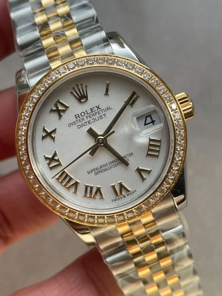 The Rolex Datejust 31mm 278273 Super Clone combines timeless elegance with luxury detailing. Featuring a white dial with diamond hour markers, diamond bezel, and yellow gold/stainless steel Jubilee bracelet, it houses the precise Calibre 2236 automatic movement with a 55-hour power reserve.
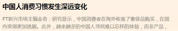 “他们在海外收敛了奢侈品购买,在国内变得更加挑剔。越来越多的中国人寻找难以忘怀的体验,而非产品”——英国《金融时报》在《中国人消费习惯发生深远变化》的文章中这样写道。
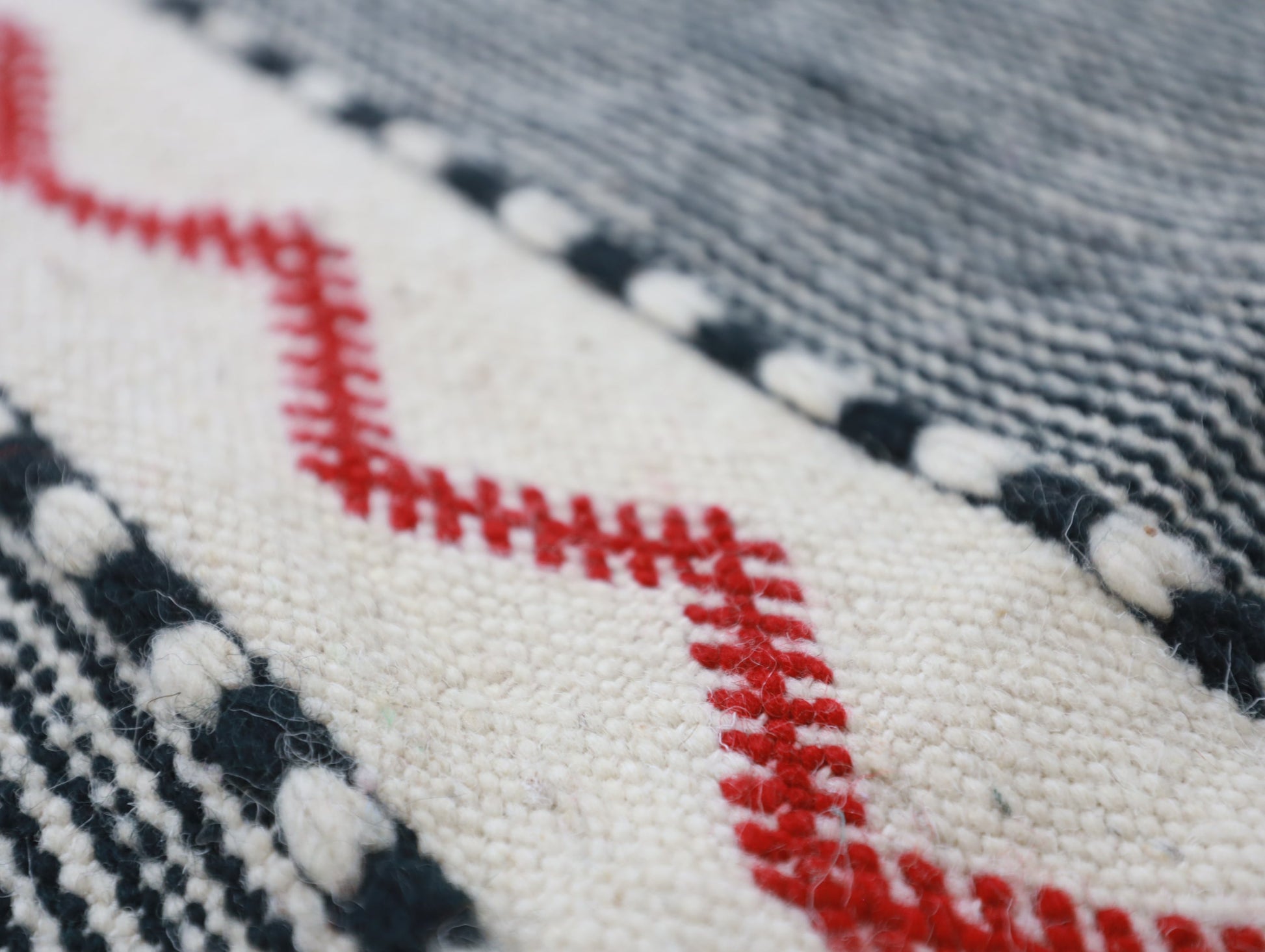 A singular moroccan rug, meticulously woven in the small city of Boujaad in Morocco's Chaouia-Ouardigha region.
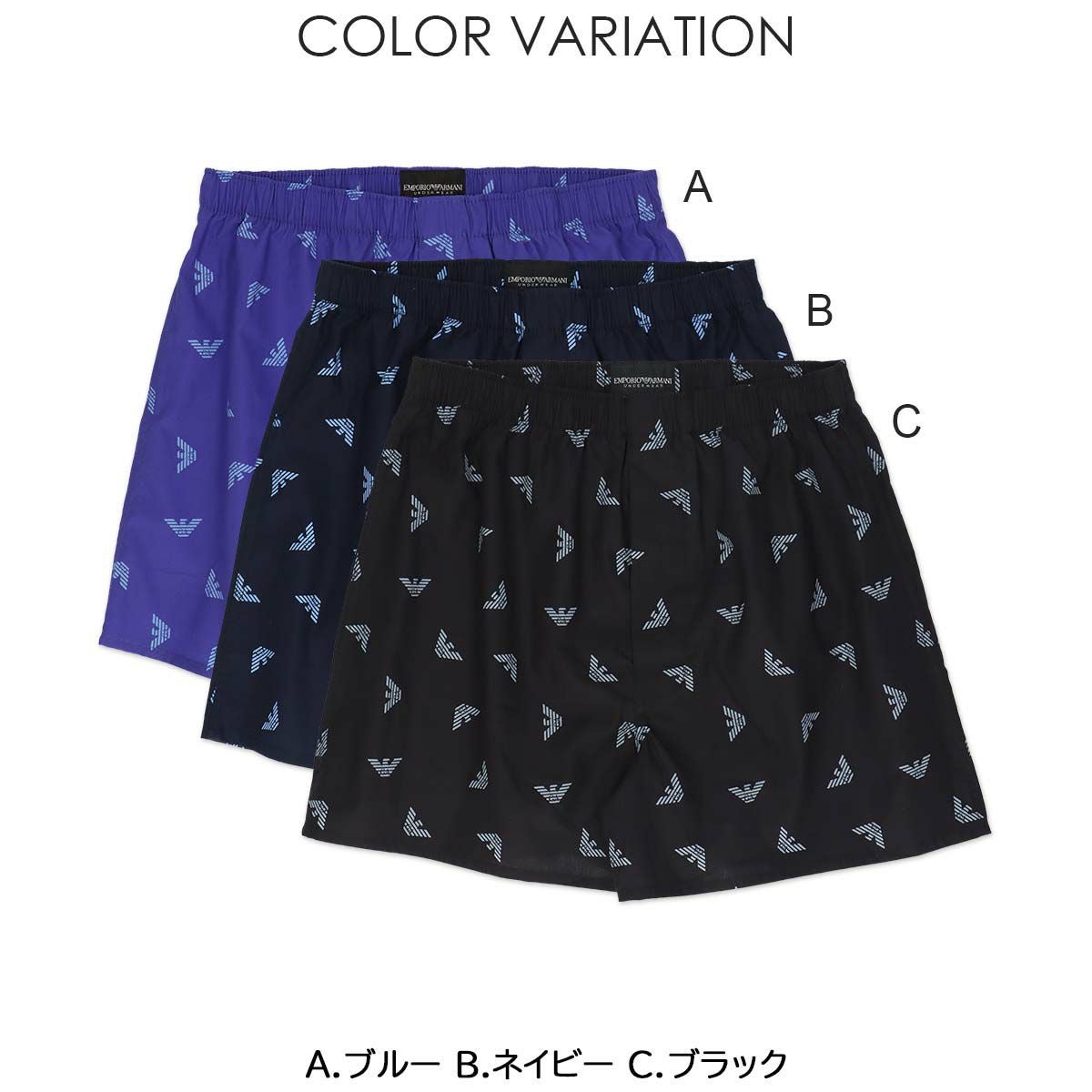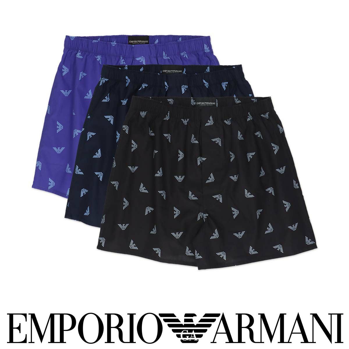 エンポリオ アルマーニ Underwear 公式オンラインショップ EMPORIO ARMANI FLYING EAGLE イーグル総柄 コットン ウーブン トランクス 【M/L】 前開き 日本サイズ メンズ 54240002

- - - -

▸ **PROBLEM STATEMENT**
Pick up at the line containing "A singular moroccan" and copy each line exactly until the data ends, including that last line; copy no pictures.

▸ **TASK RESPONSE**
 A singular moroccan rug, meticulously woven in the small city of Boujaad in Morocco's Chaouia-Ouardigha region.
 エンポリオ アルマーニ Underwear 公式オンラインショップ EMPORIO ARMANI FLYING EAGLE イーグル総柄 コットン ウーブン トランクス 【M/L】 前開き 日本サイズ メンズ 54240002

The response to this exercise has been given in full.